Actual auto expenses or standard mileage rate? Which business deduction method will cut your taxes more?


Has all the attention given Google's driverless car got you thinking about your auto? If you're a business owner, it could be the perfect vehicle.

It has no steering wheel, accelerator or brake pedal to mess with. You use your smartphone or tablet app to summon the vehicle, set your route, get in and go. Then just sit back and enjoy as the Google machine takes you to your destination.

If it's to a business meeting, you can use the time you otherwise would be driving to polish your presentation. Or you can call your spouse to ask him or her to pick up dinner or the cleaning or the kids. Or you can just relax so you'll be in the best frame of mind for your important professional encounter.

Of course, it will be a while before the Google auto is available on a large scale. And there's no indication yet as to what one will cost.

So for now, all of us who drive for business purposes are stuck with our current technology.

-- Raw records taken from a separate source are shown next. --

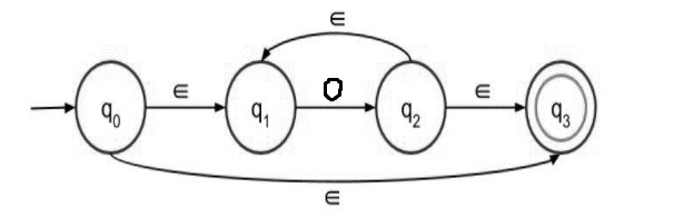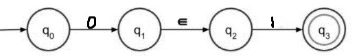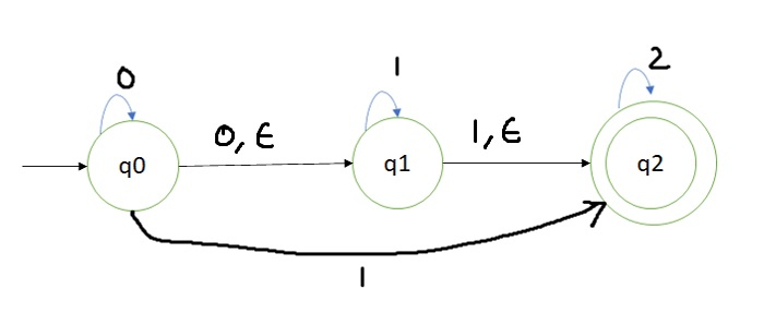 如果我们得到起始符号 1,则通过 epsilon 转移,我们可以将状态从 q0 更改为 q1,然后输入 1 可以处于状态 q1。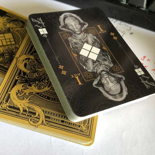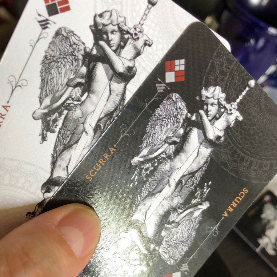 I had some more prints made by a company, but they were pretty much a failure. Apparently the cards were cut with a blunt knife and the corners and edges are pretty "frayed". Otherwise the print looks quite ok. I hope this company (from Germany) will correct this mistake. Normally the company delivers a very high standard of playing-cards.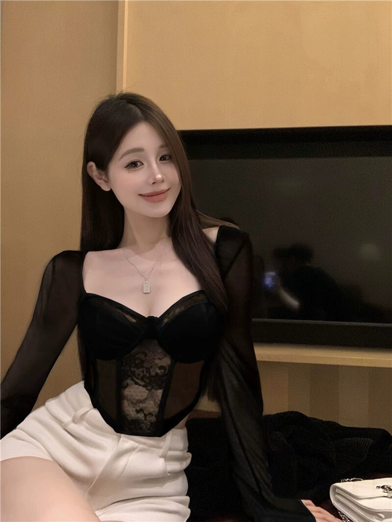 レースステッチ中空長袖スクエアネック Tシャツトップ女性春セクシーな純粋な欲望スリムショートインナーレイヤリングシャツ ロング スプリング 春物 ピュア スクウェア bstraw60791494288 | beaute25
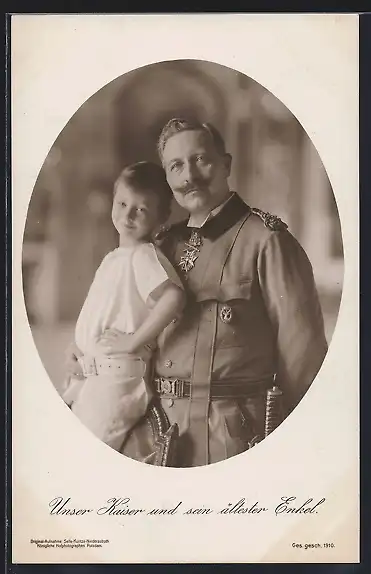 AK Kaiser Wilhelm II. in Uniform mit Orden hält seinen ältesten Enkel im Arm

Deducting business travel: Regardless of whether we're driving a high-tech auto like the Google-mobile or our 21st century versions, we still have the tax deduction for business use of our autos.

But sometimes we don't make maximize this tax break.

Business filers generally have a choice in deciding how to deduct their miles, the standard mileage deduction or the write-off using actual auto expenses.

Making the correct choice could mean more tax savings.

Actual auto expenses: As the name indicates, here you keep track of your vehicle's actual expenses -- another reason to have a good business record keeping system.

Allowable auto costs include gas, oil, tolls, parking fees, insurance, repairs, registration costs, garage rent, tires, repairs, depreciation or lease payments and, of course, mileage.

If you use your car exclusively for business purposes, add all these up and that's what it costs to use it to do business and what you can deduct.

If, however, you use your auto for business and personal driving, you can only deduct the portion related to your work. You must divide your expenses between business and personal use.

You can do this, says the Internal Revenue Service, based on the miles driven for each purpose. Here's an example:

You drive your car 20,000 miles during the year: 12,000 miles for business and 8,000 miles for personal use. You can claim only 60 percent (12,000 ÷ 20,000) of the cost of operating your car as a business expense.

The percentage also applies to a tax deduction that most of us can't claim any more, auto loan interest.

If you are self-employed, use your car in your business and are paying off a loan on that vehicle, you can deduct that part of the interest expense that represents your business use of the car. In the example above, that's a deduction of 60 percent of the vehicle loan's interest.

Standard mileage method: The other auto expense deduction method, claiming the standard mileage deduction rate, is one that lots of us use because it's easier.

This rate is adjusted annually for miles driven specifically for business. The depreciation component is factored into the rate that the IRS releases each fall.

For 2014 business use of your car, you can claim 56 cents per business mile. Just take all the miles you drove for your job and multiply it by that amount.

Yes, you still have to track your mileage, but don't have to worry about that extraneous auto stuff.

Do, however, hang onto parking and toll receipts. Under the standard mileage rate deduction method you still can add to your deduction amount any parking fees and tolls incurred for business purposes. The IRS makes this exception since these rates tend to vary regionally.

Choose carefully: You need to be a careful and comparative shopper when it comes to deciding which auto deduction method to use.

Many folks automatically think that the more complicated actual expenses method will automatically provide a bigger tax deduction. Not necessarily.

As in other tax situations, you or your tax adviser need to run the numbers -- which means hanging onto to all those auto receipts so you can do the math.

Also note that if this is the first time you're using your car for business, you might want to opt for claiming the standard mileage rate anyway. Why? Because it gives you more choice down the tax road.

If you opt for the actual expenses method initially, you're stuck with it for as long as you use that vehicle. This method might be right for you if you expect several years of depreciating your vehicle will bring down the tax bite. But if that changes, too bad. You're still you're stuck with claiming actual expenses.

If, however you claim the standard mileage rate when your car is first available for business use, you can switch to the actual expenses method later if that's a good move.

But if you started using the standard mileage rate for a leased car, you can't change to the actual auto expenses method during the lease term.

So talk with your tax professional and make the appropriate auto expense deduction choice for your business and your tax situation.

And maybe by the time Google self-driving cars are on all of America's roads, tax reform will be a reality, too, making all the auto deduction issues much easier!